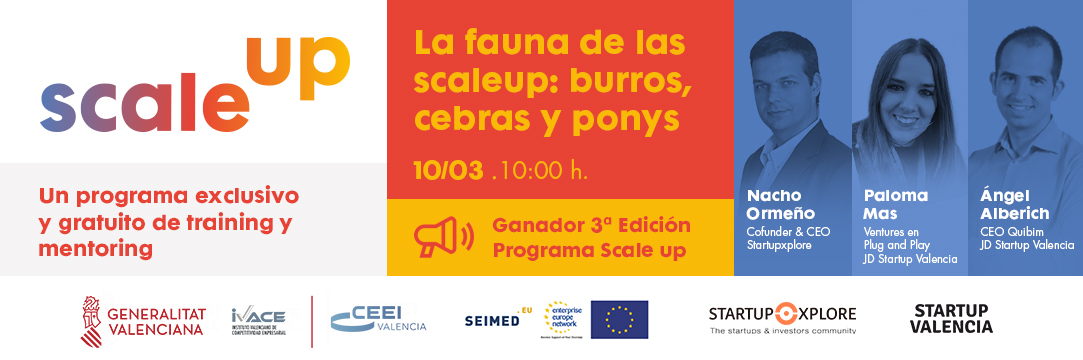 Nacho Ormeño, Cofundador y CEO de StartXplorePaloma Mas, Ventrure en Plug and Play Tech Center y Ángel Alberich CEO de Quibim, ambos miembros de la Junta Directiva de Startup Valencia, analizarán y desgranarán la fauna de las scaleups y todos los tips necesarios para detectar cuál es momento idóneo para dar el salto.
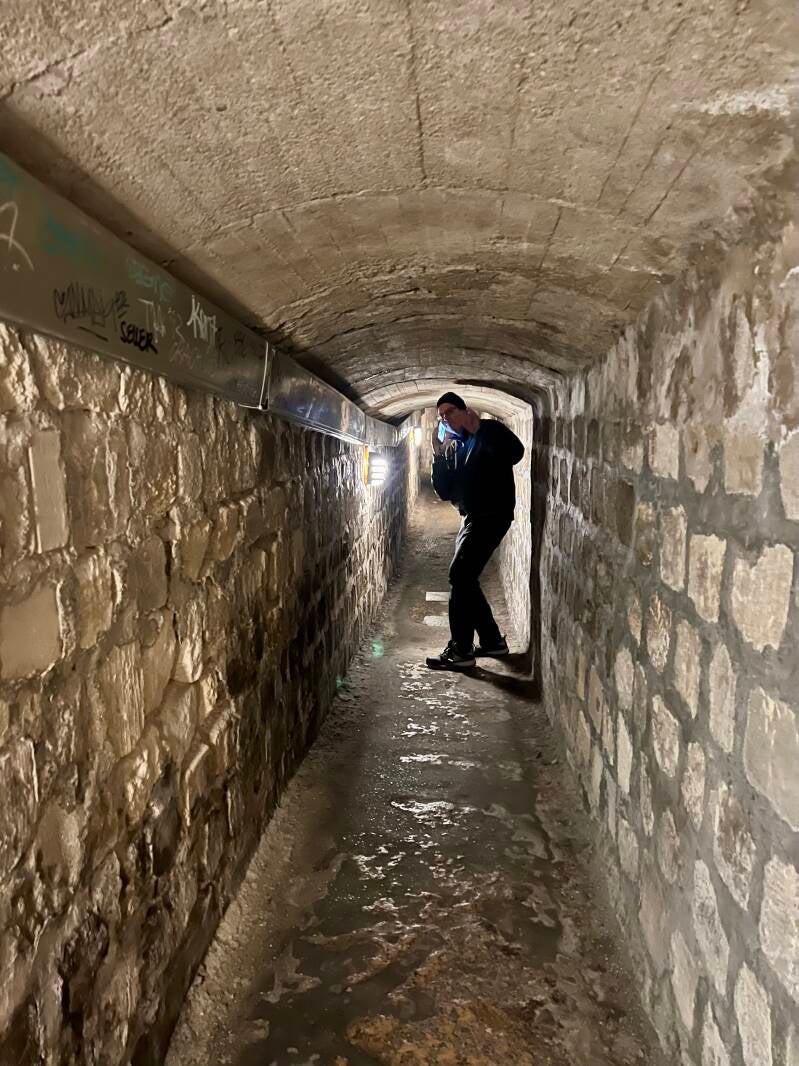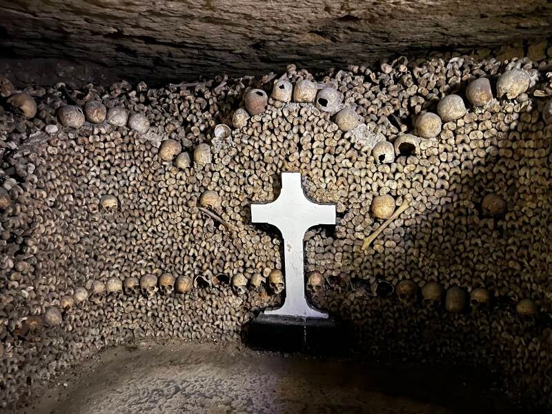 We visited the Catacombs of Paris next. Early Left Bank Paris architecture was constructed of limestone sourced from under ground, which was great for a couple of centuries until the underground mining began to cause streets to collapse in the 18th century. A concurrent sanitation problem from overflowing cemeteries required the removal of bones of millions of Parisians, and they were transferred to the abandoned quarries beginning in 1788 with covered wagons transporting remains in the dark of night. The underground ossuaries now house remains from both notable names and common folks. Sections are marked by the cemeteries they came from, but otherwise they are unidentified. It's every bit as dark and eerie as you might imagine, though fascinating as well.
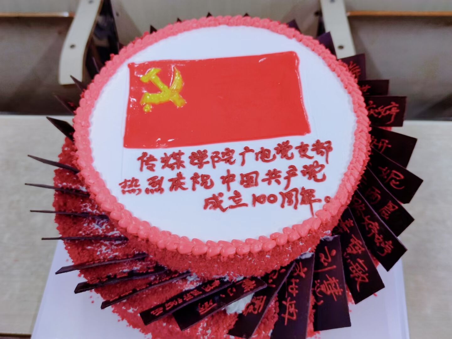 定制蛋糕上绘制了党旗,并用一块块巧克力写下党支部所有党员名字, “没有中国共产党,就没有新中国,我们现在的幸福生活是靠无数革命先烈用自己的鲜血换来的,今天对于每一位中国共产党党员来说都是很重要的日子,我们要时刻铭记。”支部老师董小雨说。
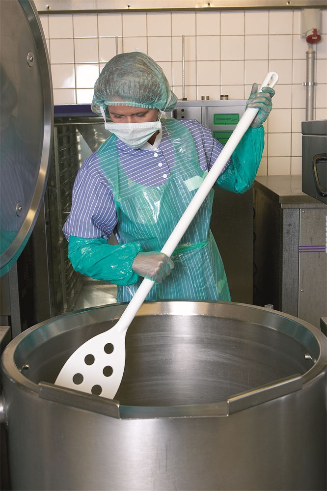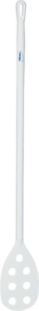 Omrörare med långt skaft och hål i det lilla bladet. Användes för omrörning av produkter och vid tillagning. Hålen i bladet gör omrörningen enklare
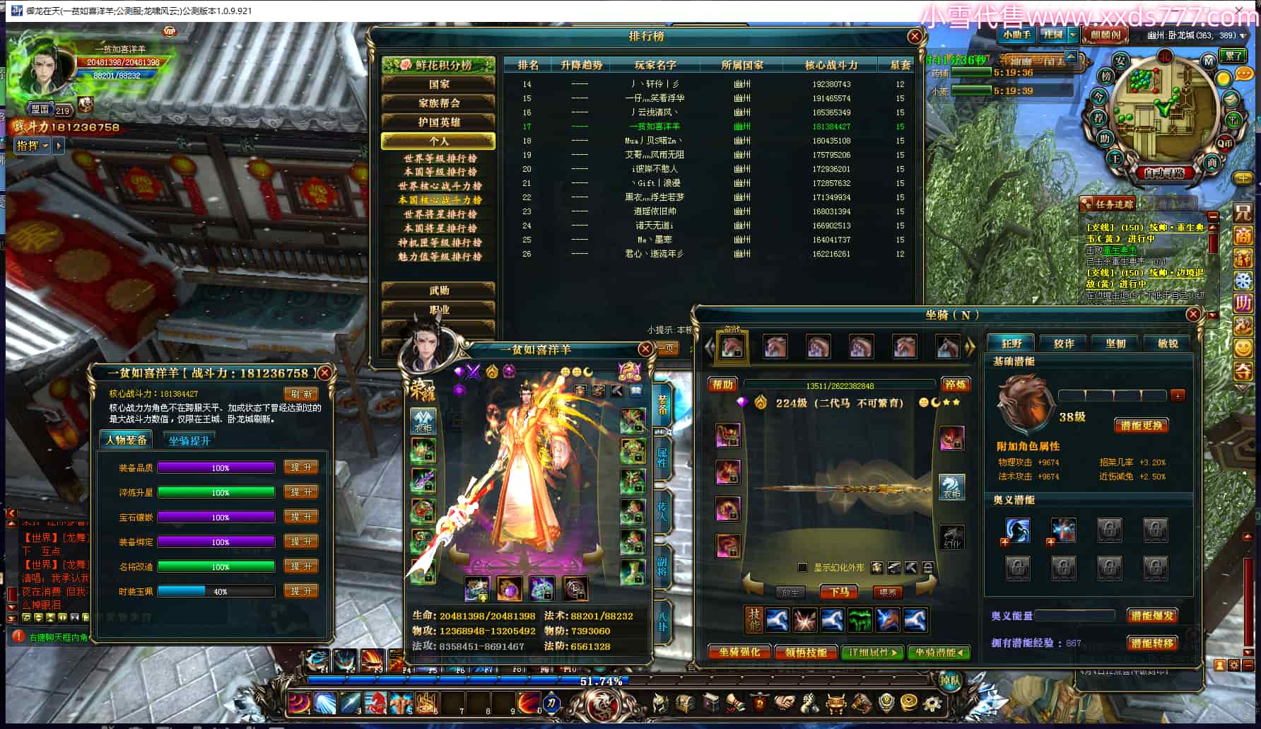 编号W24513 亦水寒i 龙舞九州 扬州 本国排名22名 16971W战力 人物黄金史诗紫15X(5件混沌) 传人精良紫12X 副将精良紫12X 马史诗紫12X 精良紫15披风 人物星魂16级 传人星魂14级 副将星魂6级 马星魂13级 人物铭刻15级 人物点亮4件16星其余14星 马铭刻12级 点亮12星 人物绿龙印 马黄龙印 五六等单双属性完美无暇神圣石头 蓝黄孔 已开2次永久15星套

# WORK TO COMPLETE
Repeat every entry above exactly as written and omit any pictures it holds.

# PROBLEM SOLUTION
 Nacho Ormeño, Cofundador y CEO de StartXplorePaloma Mas, Ventrure en Plug and Play Tech Center y Ángel Alberich CEO de Quibim, ambos miembros de la Junta Directiva de Startup Valencia, analizarán y desgranarán la fauna de las scaleups y todos los tips necesarios para detectar cuál es momento idóneo para dar el salto.
 We visited the Catacombs of Paris next. Early Left Bank Paris architecture was constructed of limestone sourced from under ground, which was great for a couple of centuries until the underground mining began to cause streets to collapse in the 18th century. A concurrent sanitation problem from overflowing cemeteries required the removal of bones of millions of Parisians, and they were transferred to the abandoned quarries beginning in 1788 with covered wagons transporting remains in the dark of night. The underground ossuaries now house remains from both notable names and common folks. Sections are marked by the cemeteries they came from, but otherwise they are unidentified. It's every bit as dark and eerie as you might imagine, though fascinating as well.
 定制蛋糕上绘制了党旗,并用一块块巧克力写下党支部所有党员名字, “没有中国共产党,就没有新中国,我们现在的幸福生活是靠无数革命先烈用自己的鲜血换来的,今天对于每一位中国共产党党员来说都是很重要的日子,我们要时刻铭记。”支部老师董小雨说。
 Omrörare med långt skaft och hål i det lilla bladet. Användes för omrörning av produkter och vid tillagning. Hålen i bladet gör omrörningen enklare
 编号W24513 亦水寒i 龙舞九州 扬州 本国排名22名 16971W战力 人物黄金史诗紫15X(5件混沌) 传人精良紫12X 副将精良紫12X 马史诗紫12X 精良紫15披风 人物星魂16级 传人星魂14级 副将星魂6级 马星魂13级 人物铭刻15级 人物点亮4件16星其余14星 马铭刻12级 点亮12星 人物绿龙印 马黄龙印 五六等单双属性完美无暇神圣石头 蓝黄孔 已开2次永久15星套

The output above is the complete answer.